## WORK ITEM
Could the lines from the top of the material to the line that contains "bl,刑侦,悬疑缉毒,男主是" be retyped exactly, both included and pictures omitted?

┌─ DATA RECORDS

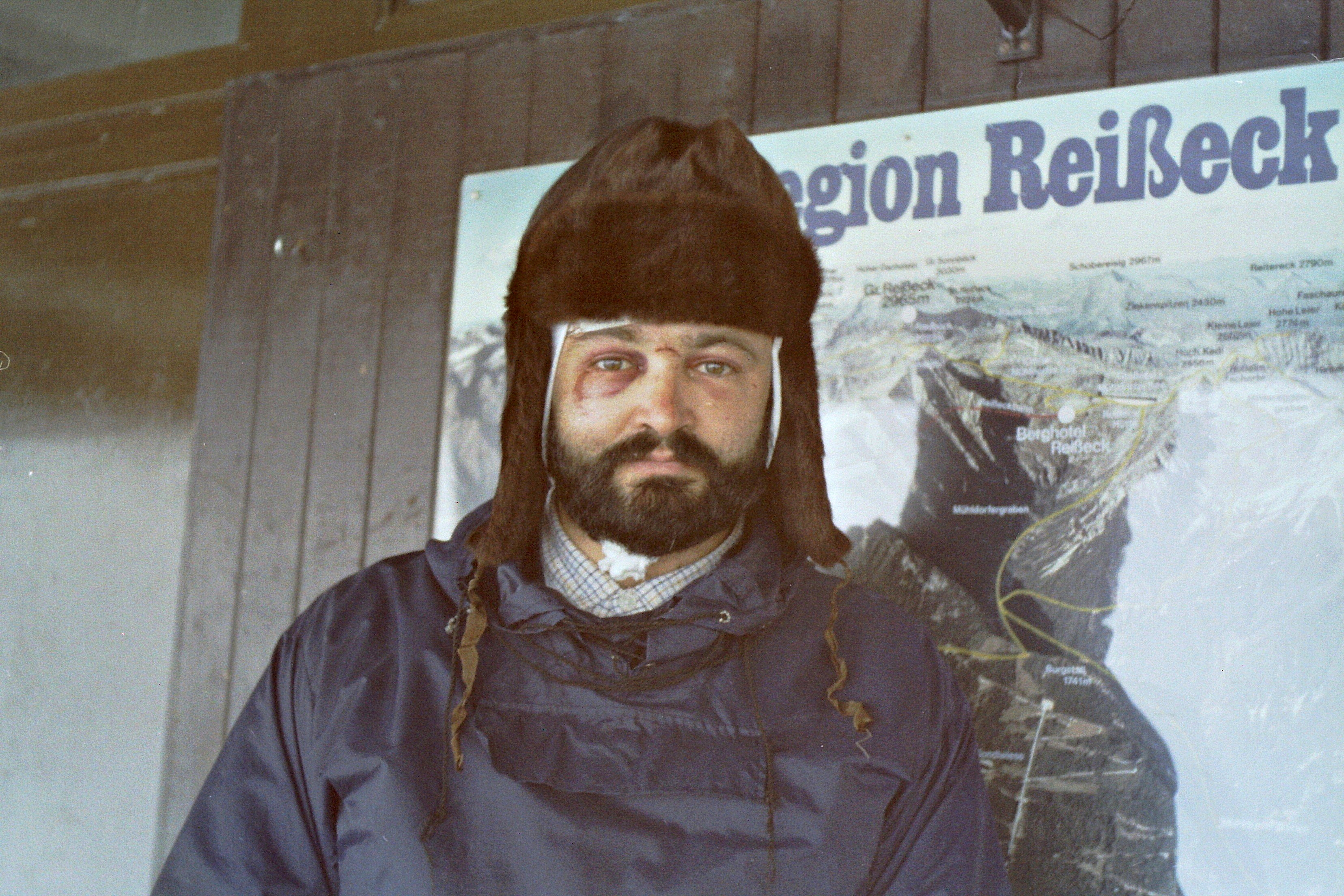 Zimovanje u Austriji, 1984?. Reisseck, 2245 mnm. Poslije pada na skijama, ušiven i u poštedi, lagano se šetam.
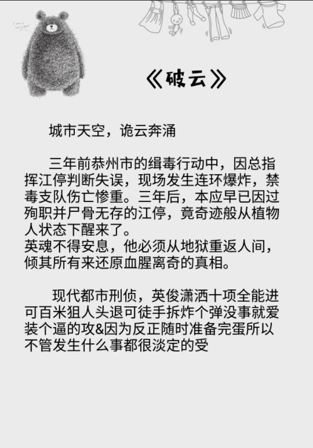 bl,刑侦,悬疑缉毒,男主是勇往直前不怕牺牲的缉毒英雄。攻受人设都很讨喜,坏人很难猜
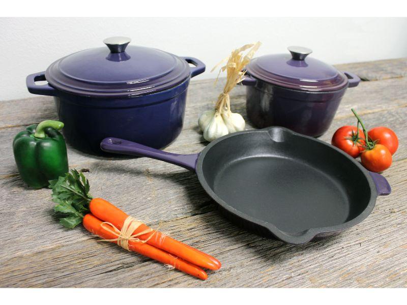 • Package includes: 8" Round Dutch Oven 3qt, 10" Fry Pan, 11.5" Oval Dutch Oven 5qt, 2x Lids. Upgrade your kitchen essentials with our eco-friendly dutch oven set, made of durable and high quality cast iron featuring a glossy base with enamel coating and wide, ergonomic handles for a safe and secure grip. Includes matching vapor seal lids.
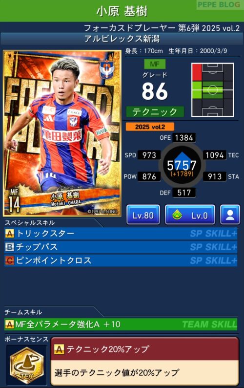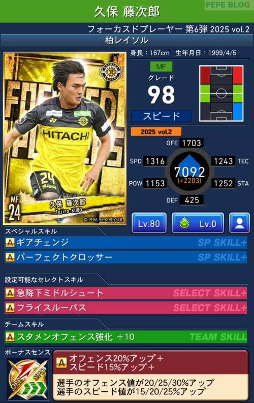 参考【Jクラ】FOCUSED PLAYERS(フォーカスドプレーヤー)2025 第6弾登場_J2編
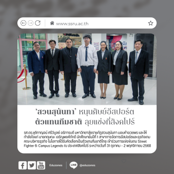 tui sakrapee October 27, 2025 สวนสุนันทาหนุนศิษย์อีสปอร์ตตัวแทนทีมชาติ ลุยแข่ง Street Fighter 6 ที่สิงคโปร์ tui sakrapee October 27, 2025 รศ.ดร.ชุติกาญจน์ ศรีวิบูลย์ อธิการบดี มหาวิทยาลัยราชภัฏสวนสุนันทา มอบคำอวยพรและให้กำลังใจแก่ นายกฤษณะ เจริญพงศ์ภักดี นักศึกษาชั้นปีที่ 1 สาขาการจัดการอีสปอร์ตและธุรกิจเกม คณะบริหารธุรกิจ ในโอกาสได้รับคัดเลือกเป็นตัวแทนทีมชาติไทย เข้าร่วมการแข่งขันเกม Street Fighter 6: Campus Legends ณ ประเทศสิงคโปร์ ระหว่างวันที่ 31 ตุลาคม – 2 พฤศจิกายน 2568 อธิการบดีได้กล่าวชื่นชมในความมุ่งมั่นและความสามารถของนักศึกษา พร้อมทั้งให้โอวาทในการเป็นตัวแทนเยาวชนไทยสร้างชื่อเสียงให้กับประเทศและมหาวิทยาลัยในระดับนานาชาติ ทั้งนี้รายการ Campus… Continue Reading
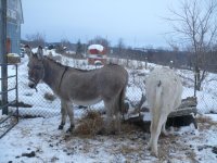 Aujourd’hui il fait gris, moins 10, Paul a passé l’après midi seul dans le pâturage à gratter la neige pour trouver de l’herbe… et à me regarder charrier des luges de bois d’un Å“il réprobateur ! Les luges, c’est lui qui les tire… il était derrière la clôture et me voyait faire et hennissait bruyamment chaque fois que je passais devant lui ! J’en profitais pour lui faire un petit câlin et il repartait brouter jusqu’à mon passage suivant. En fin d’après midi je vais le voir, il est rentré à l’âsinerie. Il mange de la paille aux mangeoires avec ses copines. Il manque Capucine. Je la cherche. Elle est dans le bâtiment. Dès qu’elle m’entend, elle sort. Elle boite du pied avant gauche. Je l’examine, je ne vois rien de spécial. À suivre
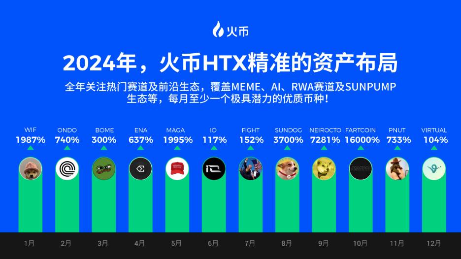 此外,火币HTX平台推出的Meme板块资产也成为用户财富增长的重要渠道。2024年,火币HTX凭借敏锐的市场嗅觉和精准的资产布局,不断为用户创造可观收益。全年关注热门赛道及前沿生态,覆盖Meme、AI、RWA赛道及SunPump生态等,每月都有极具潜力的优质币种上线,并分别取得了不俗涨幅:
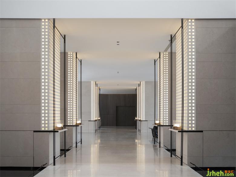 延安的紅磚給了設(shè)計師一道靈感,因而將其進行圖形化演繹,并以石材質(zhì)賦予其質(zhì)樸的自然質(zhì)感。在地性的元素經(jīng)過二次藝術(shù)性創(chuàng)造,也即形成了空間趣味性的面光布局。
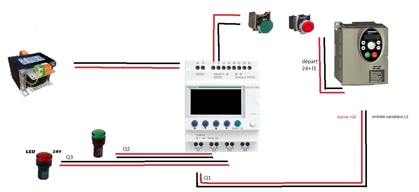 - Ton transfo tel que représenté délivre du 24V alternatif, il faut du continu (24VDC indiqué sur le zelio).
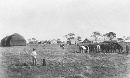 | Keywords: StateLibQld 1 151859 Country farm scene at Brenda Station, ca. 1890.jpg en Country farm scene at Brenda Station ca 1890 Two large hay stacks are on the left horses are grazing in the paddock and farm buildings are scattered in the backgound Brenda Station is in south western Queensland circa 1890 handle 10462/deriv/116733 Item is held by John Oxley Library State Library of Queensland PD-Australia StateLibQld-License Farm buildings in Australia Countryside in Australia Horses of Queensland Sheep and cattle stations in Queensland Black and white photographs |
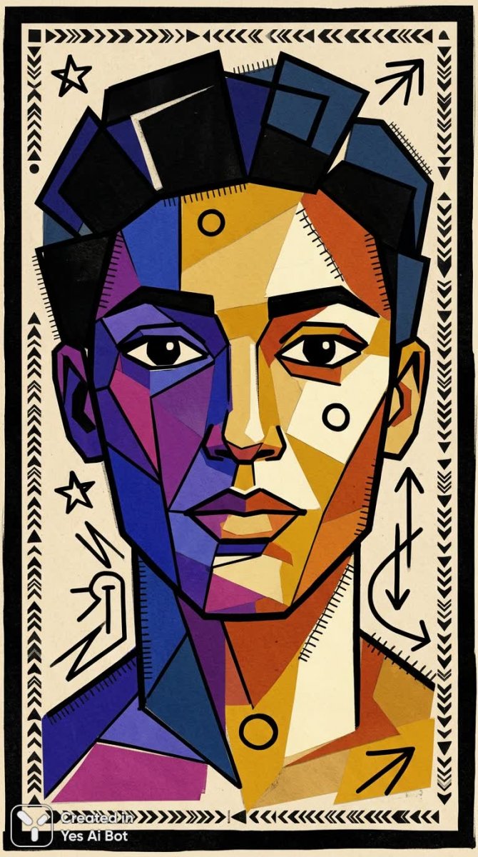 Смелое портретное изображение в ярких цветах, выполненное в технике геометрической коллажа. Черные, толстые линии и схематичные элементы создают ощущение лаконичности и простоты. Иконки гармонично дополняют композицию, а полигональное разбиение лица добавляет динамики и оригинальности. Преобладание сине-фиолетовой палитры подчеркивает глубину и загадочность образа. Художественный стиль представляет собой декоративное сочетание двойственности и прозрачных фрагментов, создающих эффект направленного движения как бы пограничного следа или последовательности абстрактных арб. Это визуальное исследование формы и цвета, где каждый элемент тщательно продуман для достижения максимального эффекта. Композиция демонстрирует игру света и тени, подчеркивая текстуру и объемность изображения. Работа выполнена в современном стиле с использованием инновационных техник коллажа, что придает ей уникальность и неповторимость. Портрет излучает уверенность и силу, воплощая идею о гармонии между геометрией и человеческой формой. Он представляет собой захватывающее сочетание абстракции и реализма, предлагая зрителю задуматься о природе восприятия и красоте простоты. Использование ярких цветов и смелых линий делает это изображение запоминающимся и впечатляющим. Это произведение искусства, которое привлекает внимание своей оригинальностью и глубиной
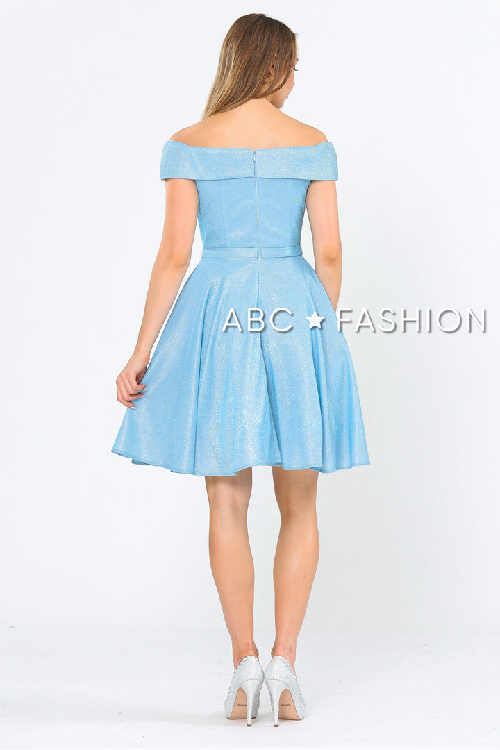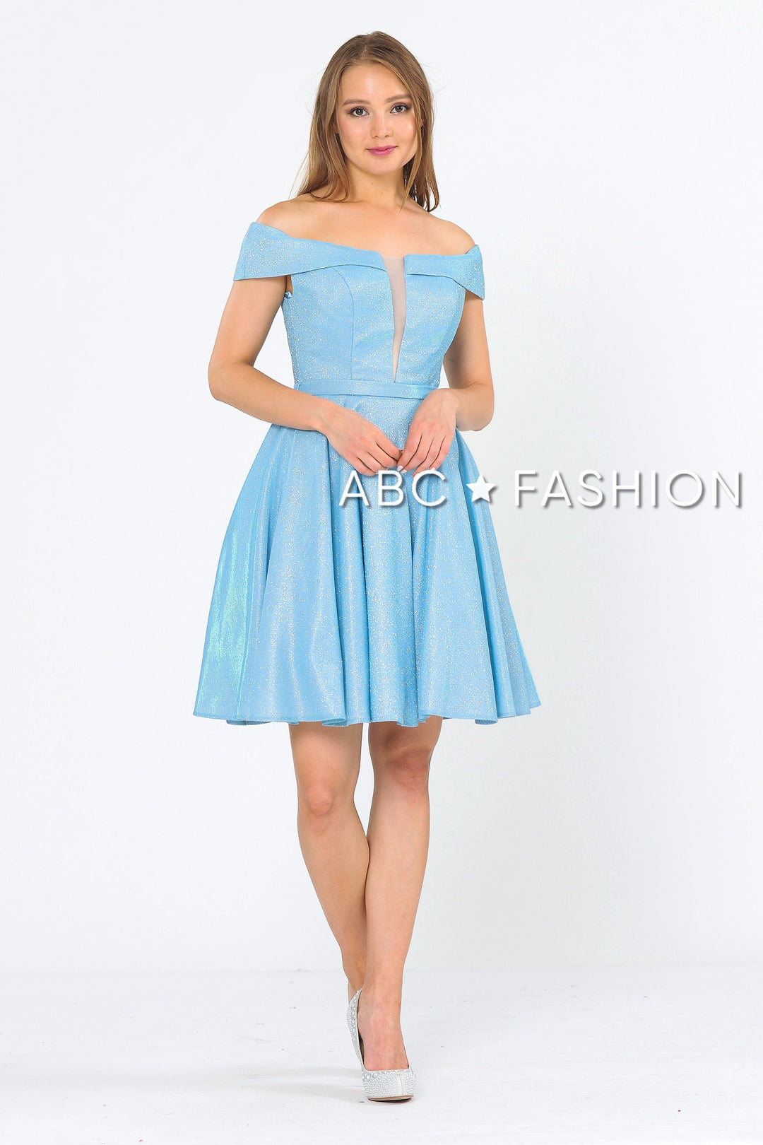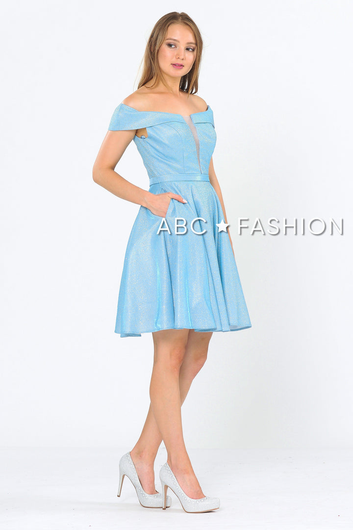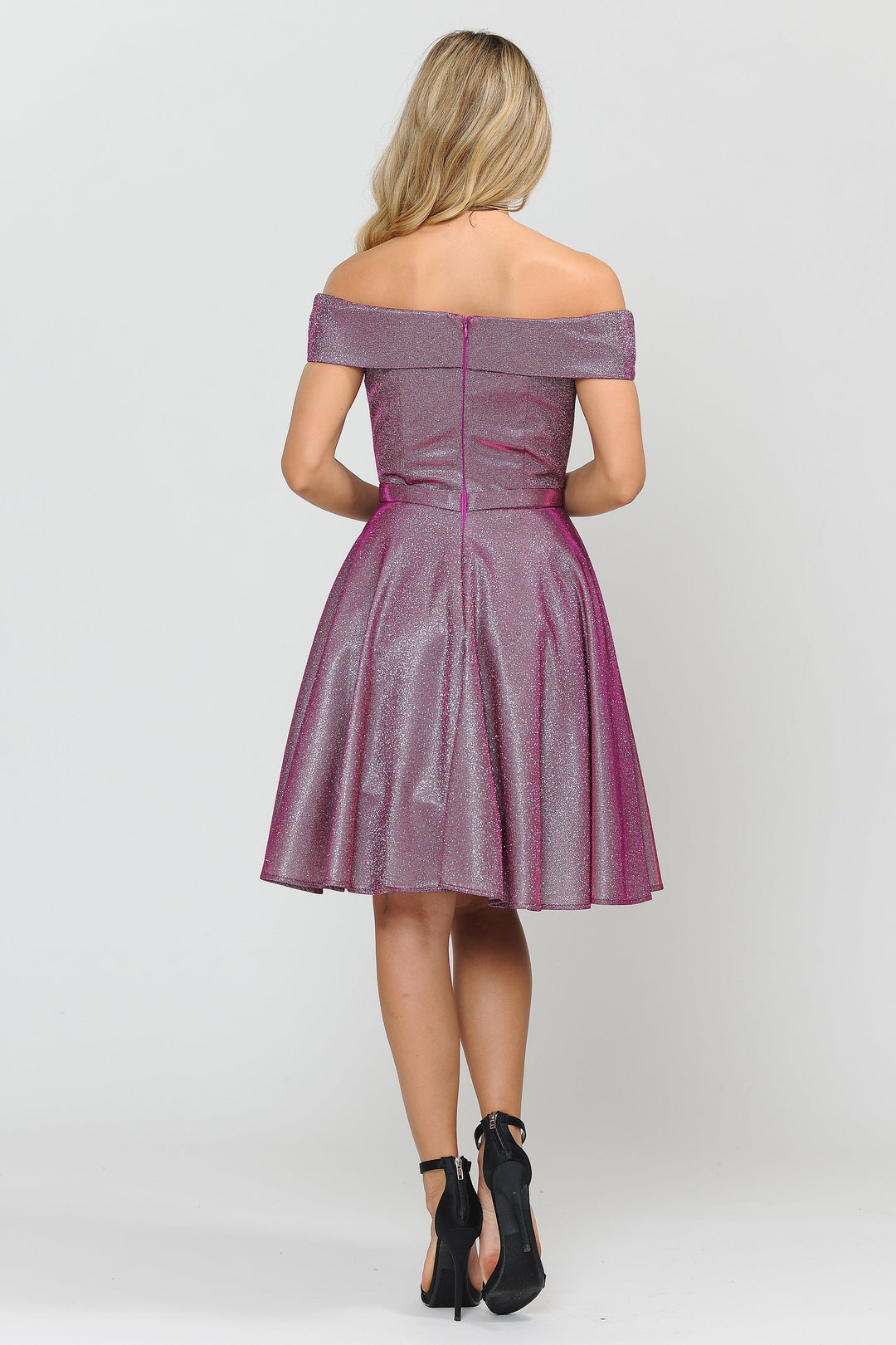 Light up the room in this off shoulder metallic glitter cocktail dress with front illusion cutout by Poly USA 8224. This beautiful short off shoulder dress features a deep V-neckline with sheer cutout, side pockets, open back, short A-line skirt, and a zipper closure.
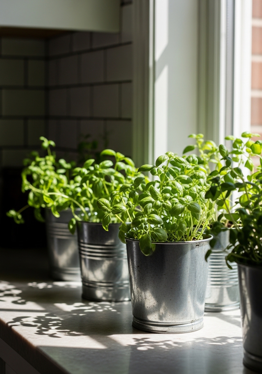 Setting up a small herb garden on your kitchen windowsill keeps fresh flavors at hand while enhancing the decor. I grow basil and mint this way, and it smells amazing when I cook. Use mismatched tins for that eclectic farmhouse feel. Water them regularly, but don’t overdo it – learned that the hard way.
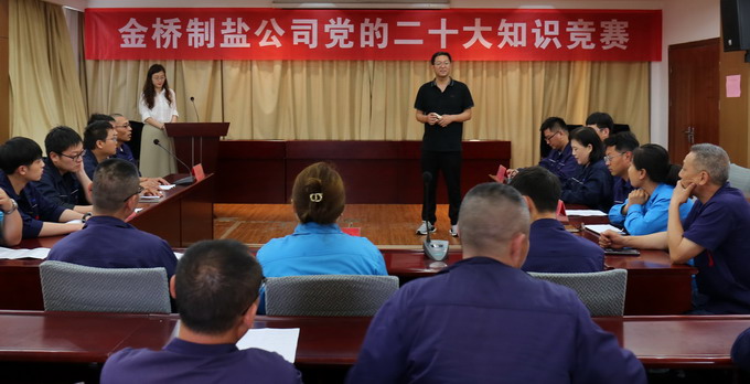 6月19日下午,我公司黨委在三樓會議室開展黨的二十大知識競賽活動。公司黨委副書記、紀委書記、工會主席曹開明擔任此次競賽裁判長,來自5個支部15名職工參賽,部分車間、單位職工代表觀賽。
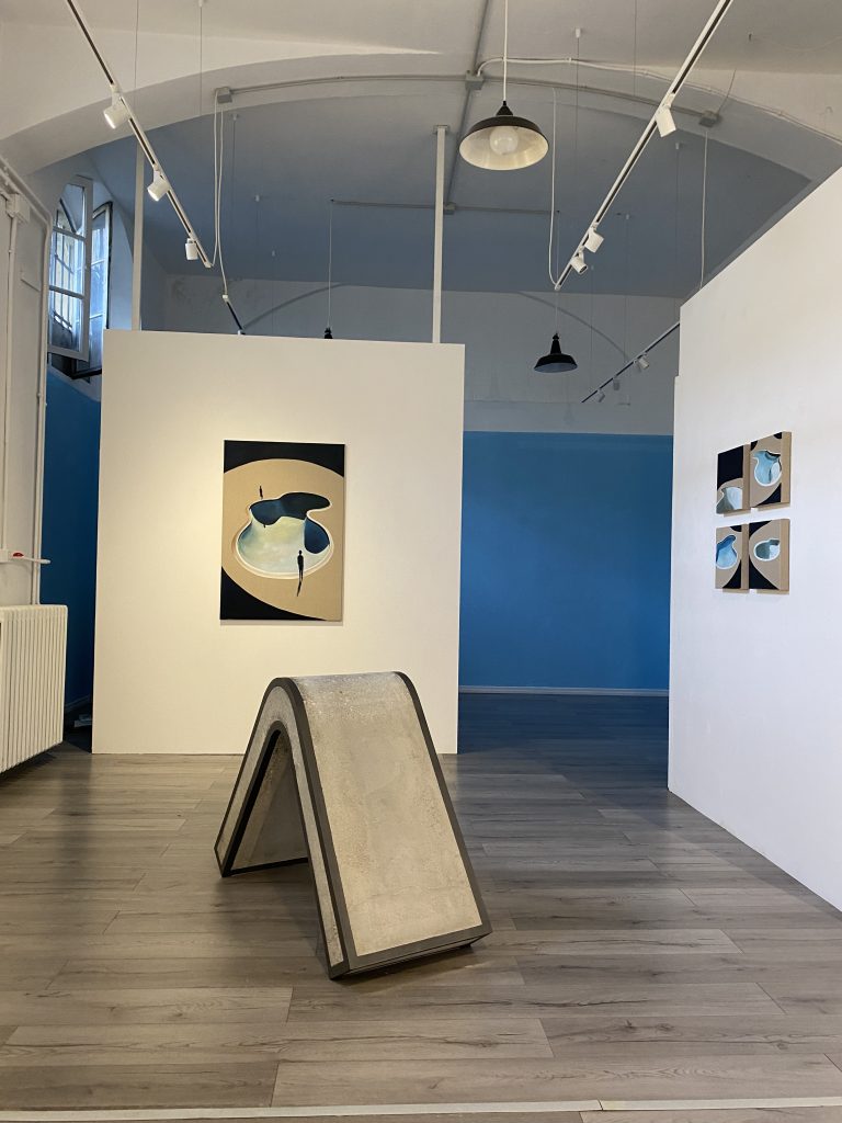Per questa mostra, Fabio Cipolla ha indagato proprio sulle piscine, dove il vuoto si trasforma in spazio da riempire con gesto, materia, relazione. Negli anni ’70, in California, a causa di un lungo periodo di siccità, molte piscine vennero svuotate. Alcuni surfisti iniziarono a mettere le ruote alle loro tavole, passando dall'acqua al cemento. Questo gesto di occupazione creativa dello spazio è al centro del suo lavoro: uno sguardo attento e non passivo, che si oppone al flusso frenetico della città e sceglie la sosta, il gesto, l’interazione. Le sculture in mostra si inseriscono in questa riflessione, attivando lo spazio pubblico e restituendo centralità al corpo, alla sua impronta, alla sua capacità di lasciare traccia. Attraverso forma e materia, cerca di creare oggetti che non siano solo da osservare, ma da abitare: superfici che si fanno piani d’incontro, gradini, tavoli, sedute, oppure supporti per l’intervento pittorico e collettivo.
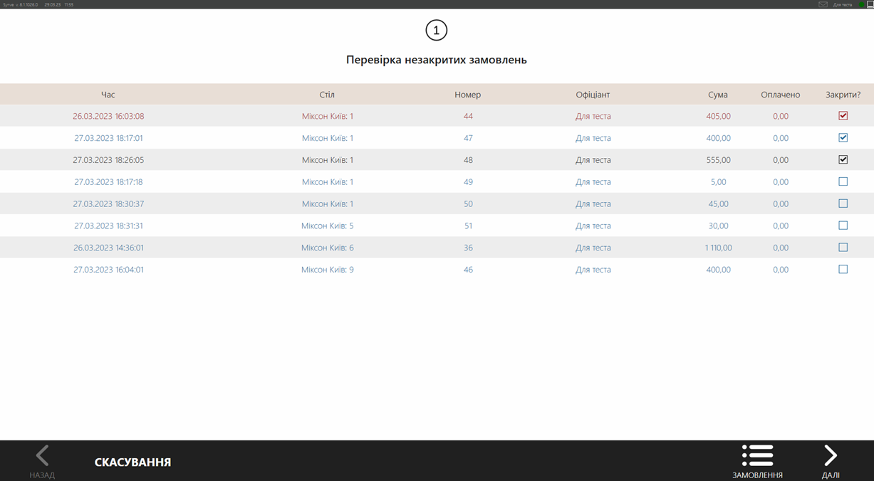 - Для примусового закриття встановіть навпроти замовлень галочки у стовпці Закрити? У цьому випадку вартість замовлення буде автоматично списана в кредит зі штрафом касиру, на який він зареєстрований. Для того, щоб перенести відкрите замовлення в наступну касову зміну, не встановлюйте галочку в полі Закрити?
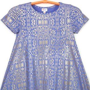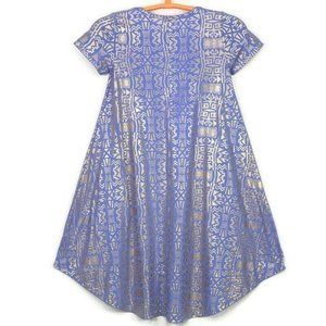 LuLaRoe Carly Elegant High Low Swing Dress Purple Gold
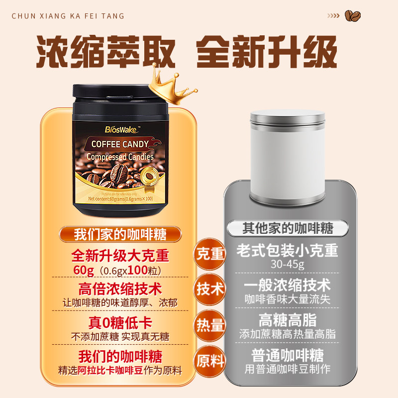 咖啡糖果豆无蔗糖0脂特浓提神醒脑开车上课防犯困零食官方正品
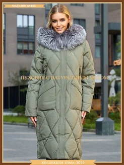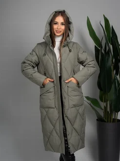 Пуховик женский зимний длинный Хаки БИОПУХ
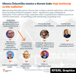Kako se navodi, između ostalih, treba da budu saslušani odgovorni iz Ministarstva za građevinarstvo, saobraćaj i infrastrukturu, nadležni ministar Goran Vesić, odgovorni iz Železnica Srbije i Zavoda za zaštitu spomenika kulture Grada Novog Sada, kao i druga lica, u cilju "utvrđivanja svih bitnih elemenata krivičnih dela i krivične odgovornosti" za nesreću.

└─

## PROBLEM SOLUTION
 Zimovanje u Austriji, 1984?. Reisseck, 2245 mnm. Poslije pada na skijama, ušiven i u poštedi, lagano se šetam.
 bl,刑侦,悬疑缉毒,男主是勇往直前不怕牺牲的缉毒英雄。攻受人设都很讨喜,坏人很难猜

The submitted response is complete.